I should have been more specific. I was speaking of "drawbar pull." 
And also that it applied ONLY to the weight on driving wheels. 
  
* * * * * * * * * * * 
* 73 - Mac, K2GKK/5 * 
* (Since 30 Nov 53) * 
* k2gkk at hotmail.com * 
* Oklahoma City, OK * 
* USAF & FAA (Ret.) * 
* * * * * * * * * * * 
 
 
> From: 1oldlens1 at ix.netcom.com
> To: k1lky at earthlink.net; arc5 at mailman.qth.net
> Date: Wed, 19 Dec 2012 23:57:37 -0800
> Subject: Re: [ARC5] Locomotives
> 
> 
> ----- Original Message ----- 
> From: "Roy Morgan" <k1lky at earthlink.net>
> To: "ARC-5 List" <arc5 at mailman.qth.net>
> Sent: Wednesday, December 19, 2012 10:11 PM
> Subject: Re: [ARC5] Locomotives
> 
> 
> >
> > On Dec 19, 2012, at 10:46 PM, D C _Mac_ Macdonald wrote:
> >
> >> Added weight on the rails for any locomotive means
> >> that heavier train weights can be moved.
> >
> > Right on.
> >
> >> Friction
> >> coefficient of steel wheels on steel rails.. .25.
> >> This means that the maximum weight
> >> that can be moved .. is 25% of the weight of the loco.
> >
> > Actually, the maximum PULLING force would be a quarter of 
> > the weight of the locomotive. I'd expect the force 
> > needed to get a freight car going would be a small 
> > fraction of the weight of the thing.
> >
> > Rail yard workers used to use a long handled prying device 
> > to get a freight car started in motion. It was stuck 
> > under a wheel and the various lever actions provided 
> > mechanical advantage enough to roll a loaded car a short 
> > distance.
> >
> > Roy
> >
> > Roy Morgan
> > k1lky at earthlink.net
> > K1LKY Since 1958 - Keep 'em Glowing!
> >
> For long trains the locomotive could compress the 
> coupler springs in the draft gear by backing slowly, then 
> move forward slowly stretching the train out. That way the 
> train was started progressively.
> I am not sure of the physics of traction but I think 
> the available tractive force is greater than this suggests. 

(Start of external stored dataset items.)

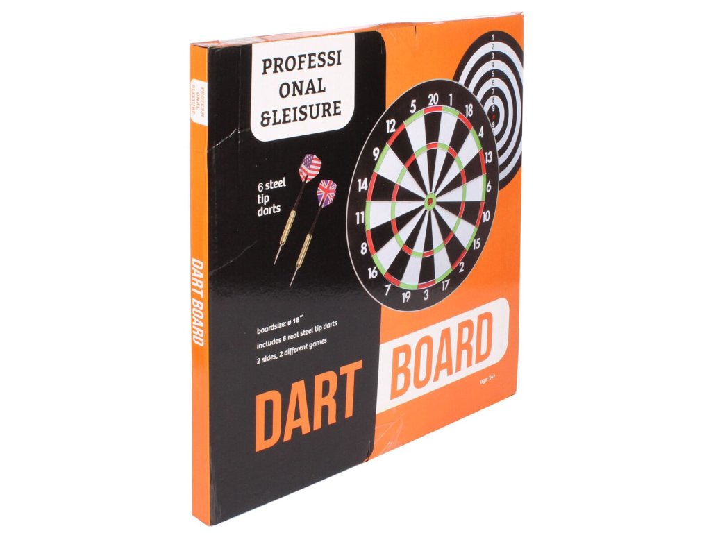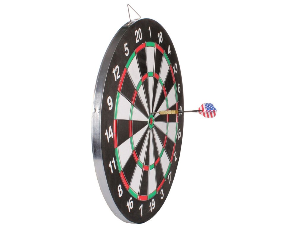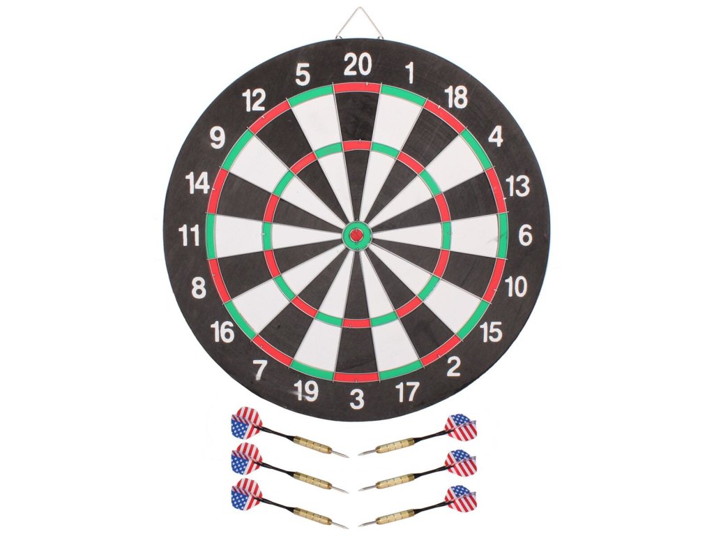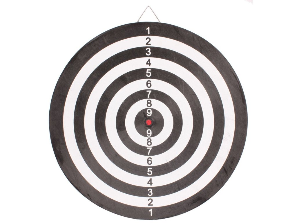 Oboustranný terč na šipky DB 45 je ideální terč pro začátečníky a rekreační hráče. Terč je vyrobený z mnohovrstvého lisovaného papíru s potiskem opatřeným kovovou konstrukcí. Rozměry terče jsou 43 x 2 cm. Na jedné straně je vyobrazený klasický terč s postranními čísly a ocelovými drátky. Druhá strana nabízí zjednodušenou černo-bílou verzi s bodováním od 1 - 9. Balení také obsahuje dvě sady šipek po třech kusech s ocelovými hroty. Soutěžte s kamarády o nejlepšího šipkaře se sadou DB 45. Parametry: - rozměry terče: 43 x 2 cm - obsah balení: 6x šipky, 1x terč - hmotnost balení: 2,3 kg - materiál: PE plast, železo, mnohovrstvý lisovaný papírDoplňkové parametry
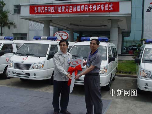 5月14日,在福建省紅十字會(huì)的見(jiàn)證和協(xié)助下,由東南汽車(chē)捐贈(zèng)的十輛價(jià)值百萬(wàn)元的救災(zāi)急需東南得利卡救護(hù)車(chē)啟運(yùn)四川地震災(zāi)區(qū),為災(zāi)區(qū)民眾奉獻(xiàn)愛(ài)心,攜手人道,協(xié)助救助災(zāi)難中的同胞和親人。同日,東南汽車(chē)號(hào)召全體員工向?yàn)?zāi)區(qū)人民獻(xiàn)愛(ài)心,得到公司兩千多名員工的積極響應(yīng)。
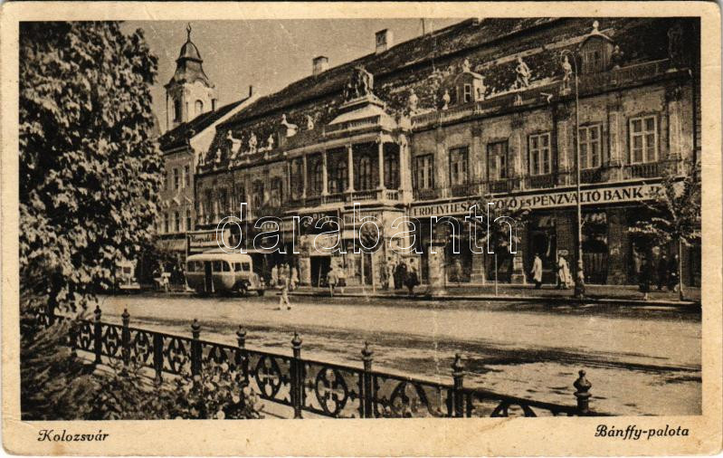 1946 Kolozsvár, Cluj; Bánffy palota, autóbusz, Erdélyi leszámoló és Pé... https://www.darabanth.com/hu/436-Gyorsarveres/436.0/Kepeslapok/Erdely~2000005/1946-Kolozsvar-Cluj-Banffy-palota-autobusz-Erdelyi-leszamolo-es-Penzvalto-bank-rt-il~II2835112
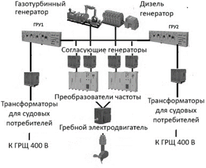 В общем виде структуры судовых пропульсивных систем могут быть представлены в виде набора модулей и вариантов построения схем электродвижения. Современные ведущие судопроизводители [4] предлагают различные варианты построения пропульсивных систем. Системы могут быть переменно-постоянными, переменного тока, постоянного тока, с активными преобразователями электроэнергии (выпрямители, инверторы), с реакторно-трансформаторным оборудованием. Так, к примеру, на рис. 2 приведены различные варианты структуры пропульсивной системы, реализуемые научно-произ-водственным центром «Судовые электротехнические системы» [4].
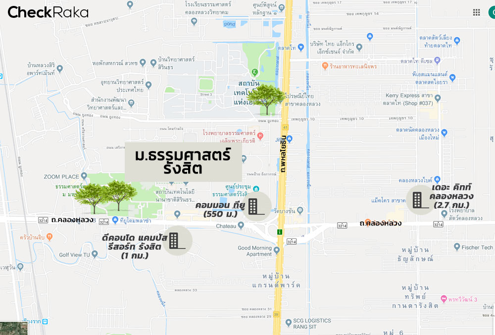 ยังอยู่กันที่รังสิตค่ะ ไปต่อที่ "มหาวิทยาลัยธรรมศาสตร์ ศูนย์รังสิต" ย่านนี้ก็ถือว่าครบค่ะ เพราะในธรรมศาสตร์เองก็มีโรงพยาบาล รวมถึงคอมมูนิตี้มอลล์ชิลล์ๆ แถมยังเดินทางง่าย ในอนาคตยังมีรถไฟฟ้าสายสีแดงผ่านด้านหลังมหาวิทยาลัยด้วย
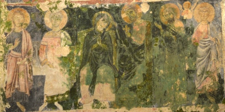 la scena di Incoronazione di Maria Vergine tra santi costituisce senzâaltro una novitĂ nel panorama artistico delle chiese rupestri materane sia dal punto di vista iconografico che stilistico. Il tema, infatti, risulta decisamente gotico e di provenienza ânordicaâ ed è reso con un linguaggio innovativo. Si veda, per esempio, lâintenso patetismo, le inedite ricerche prospettiche nel trono del Cristo, la particolare morbidezza dei panneggi e il superamento della qualitĂ grafica del passato. Tuttavia, lâopera conserva ancora numerosi elementi che la legano alla tradizione e a un impianto assolutamente bizantineggiante. Infatti, in presenza di due dei protagonisti (Cristo e la Vergine) del tema, assai diffuso nelle chiese rupestri locali, della Deesis (ovvero della supplica), lâautore inserisce anche il terzo interprete di questo schema iconografico (San Giovanni Battista) e proprio nel consueto gesto della richiesta dâintercessione. In tal senso, lâaffresco, pur relativo al tema dellâIncoronazione della Vergine, finisce per rappresentare una sorta di Deesis allargata a piĂš personaggi
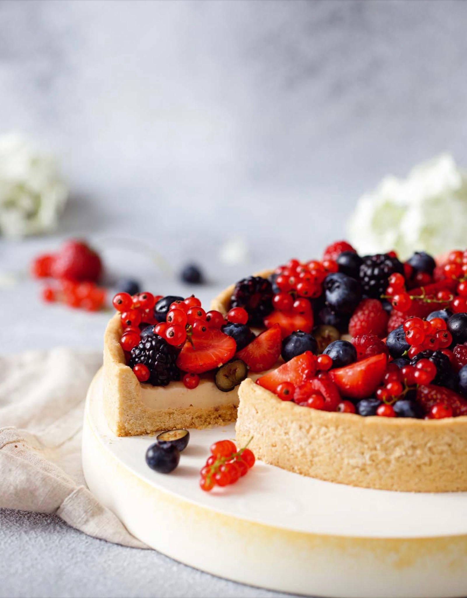Ягодный пирог с ванильным кремом и ягодной смесью.
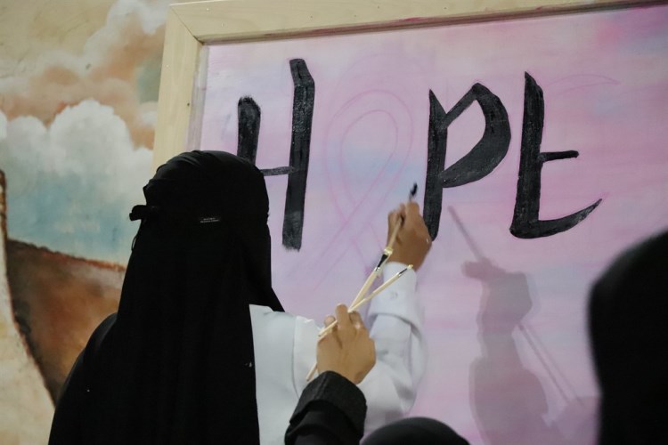 اختار فريق "All hand”التطوعي أن يهدي مرضى سرطان الثدي لوحة معبرة لزرع الأمل في نفوسهم، مستغرقين في اعدادها مايقارب الخمس ساعات على شاطىء كورنيش القطيف.

> The maximum weight of a train that can be started depends on 
> the maximum tractive effort of the locomotive. This is where 
> electric motors are superior to a steam engine. An electric 
> motor can be made to have maximum torque at standstill, that 
> is the electric locomotive will have maximum tractive effort 
> from a standing start where a reciprocating steam locomotive 
> has relatively low starting tractive force and needs to get 
> some speed up to gain it.
> If you want to calculate the frictional forces at the 
> wheels keep in mind that both wheel and track are deformed 
> by the weight of the weight of the locomotive so that the 
> effective area in contact is larger than one might expect. 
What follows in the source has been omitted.